*TASK DETAILS*
Copy the listing exactly as given. Omit every picture.

*PROVIDED MATERIAL*
=====

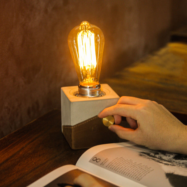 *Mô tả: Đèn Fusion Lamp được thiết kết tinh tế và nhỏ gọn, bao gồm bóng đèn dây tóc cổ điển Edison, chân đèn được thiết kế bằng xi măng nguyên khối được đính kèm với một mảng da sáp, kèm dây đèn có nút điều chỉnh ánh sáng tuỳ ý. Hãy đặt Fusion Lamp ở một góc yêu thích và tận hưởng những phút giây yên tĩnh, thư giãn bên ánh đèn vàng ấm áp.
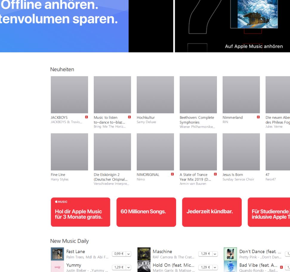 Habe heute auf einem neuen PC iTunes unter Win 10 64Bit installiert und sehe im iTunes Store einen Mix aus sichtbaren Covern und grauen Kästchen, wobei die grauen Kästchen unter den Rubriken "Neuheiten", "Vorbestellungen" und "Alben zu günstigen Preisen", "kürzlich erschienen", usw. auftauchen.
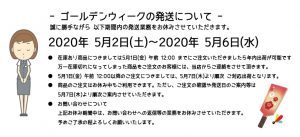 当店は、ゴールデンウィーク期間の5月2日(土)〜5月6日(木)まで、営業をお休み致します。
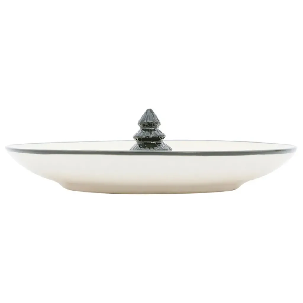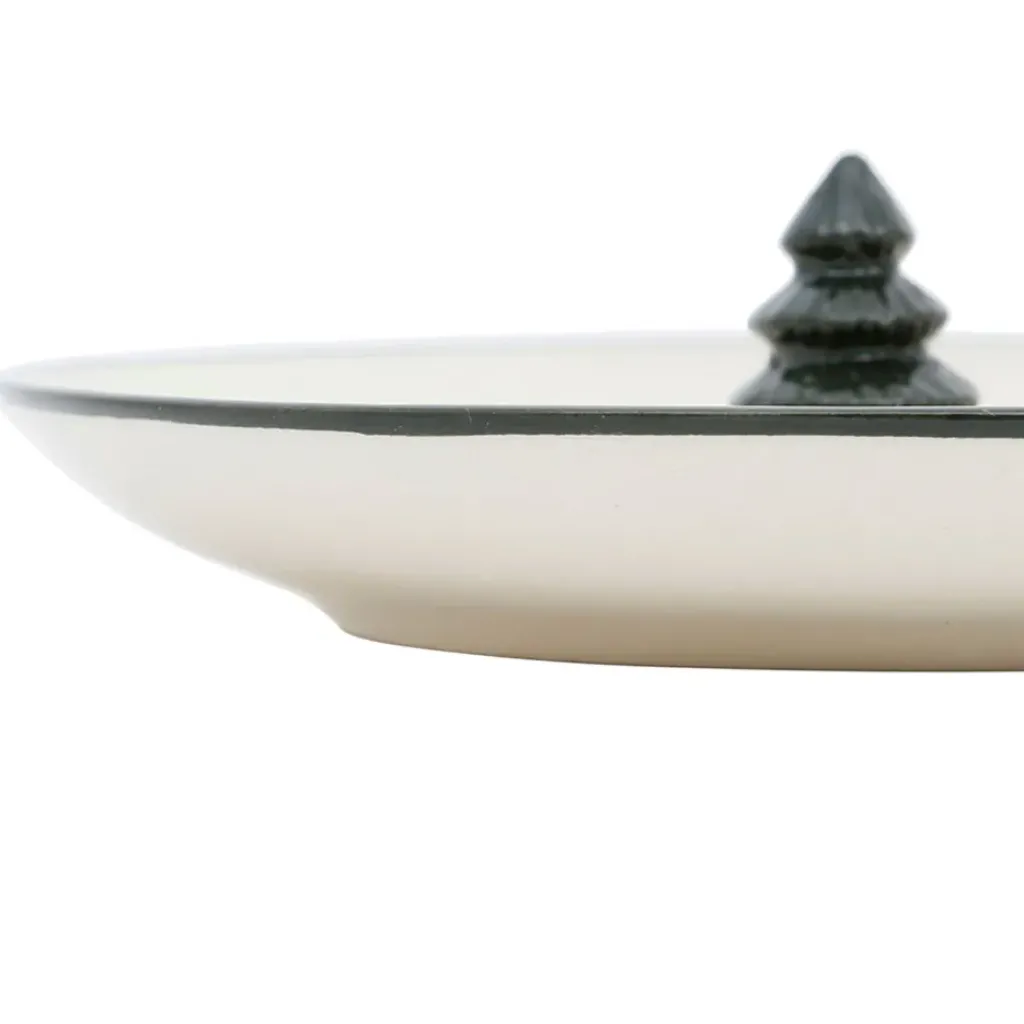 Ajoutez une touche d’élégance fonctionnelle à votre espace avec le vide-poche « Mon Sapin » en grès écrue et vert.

=====

*ANSWER TO THIS TASK*
 *Mô tả: Đèn Fusion Lamp được thiết kết tinh tế và nhỏ gọn, bao gồm bóng đèn dây tóc cổ điển Edison, chân đèn được thiết kế bằng xi măng nguyên khối được đính kèm với một mảng da sáp, kèm dây đèn có nút điều chỉnh ánh sáng tuỳ ý. Hãy đặt Fusion Lamp ở một góc yêu thích và tận hưởng những phút giây yên tĩnh, thư giãn bên ánh đèn vàng ấm áp.
 Habe heute auf einem neuen PC iTunes unter Win 10 64Bit installiert und sehe im iTunes Store einen Mix aus sichtbaren Covern und grauen Kästchen, wobei die grauen Kästchen unter den Rubriken "Neuheiten", "Vorbestellungen" und "Alben zu günstigen Preisen", "kürzlich erschienen", usw. auftauchen.
 当店は、ゴールデンウィーク期間の5月2日(土)〜5月6日(木)まで、営業をお休み致します。
 Ajoutez une touche d’élégance fonctionnelle à votre espace avec le vide-poche « Mon Sapin » en grès écrue et vert.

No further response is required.